Als we het verlies echt willen stoppen, moeten we zowel de wouden beschermen als stoppen met de dieren te doden. Aangezien de meeste orang-oetans buiten beschermd gebied leven, moeten we de gemeenschappen en bedrijven die hun habitat beheren aan boord krijgen. Een oliepalmplantage beschermt op zijn terreinen nu al bijvoorbeeld 150 orang-oetans, en bewijst op die manier dat deze industrie toch niet onafscheidelijk gelinkt is met de verwoesting van het habitat.

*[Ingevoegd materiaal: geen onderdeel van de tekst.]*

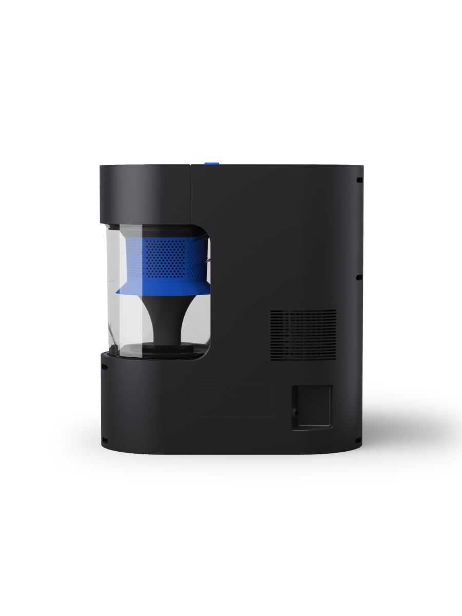 Док-станция с циклонной системой автоматически опустошает контейнер для пыли, собирая мусор в прозрачный пластиковый бак объемом 1.5 л, что устраняет необходимость в сменных мешках и облегчает обслуживание.
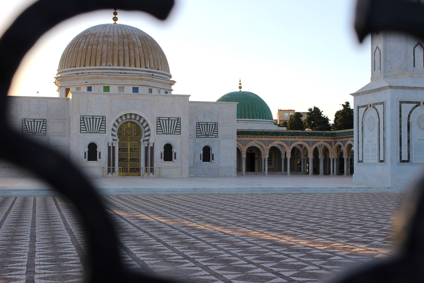 Sur la porte principale du mausolée est inscrit en l’honneur de Bourguiba : « Le combattant suprême, bâtisseur de la nouvelle Tunisie, émancipateur de la femme ».

Op een grotere schaal zijn de Maleisische staat Sabah en de Indonesische provincie Centraal-Kalimantan, beide op Borneo, van plan om hun hele palmolieproductie tegen 2025 duurzaam te maken. Daarbij komt er een totaalverbod op het doden van de dieren. Tegelijkertijd zijn de beide landen een actieplan aan het ontwikkelen om de orang-oetan op lange termijn te beschermen.

Het is nu dus aan de Indonesische en Maleisische overheden om het doden van orang-oetans met een harde hand aan te pakken. Want als we niet leren van onze fouten, zal dat stadion uiteindelijk helemaal leeg zijn, voor altijd.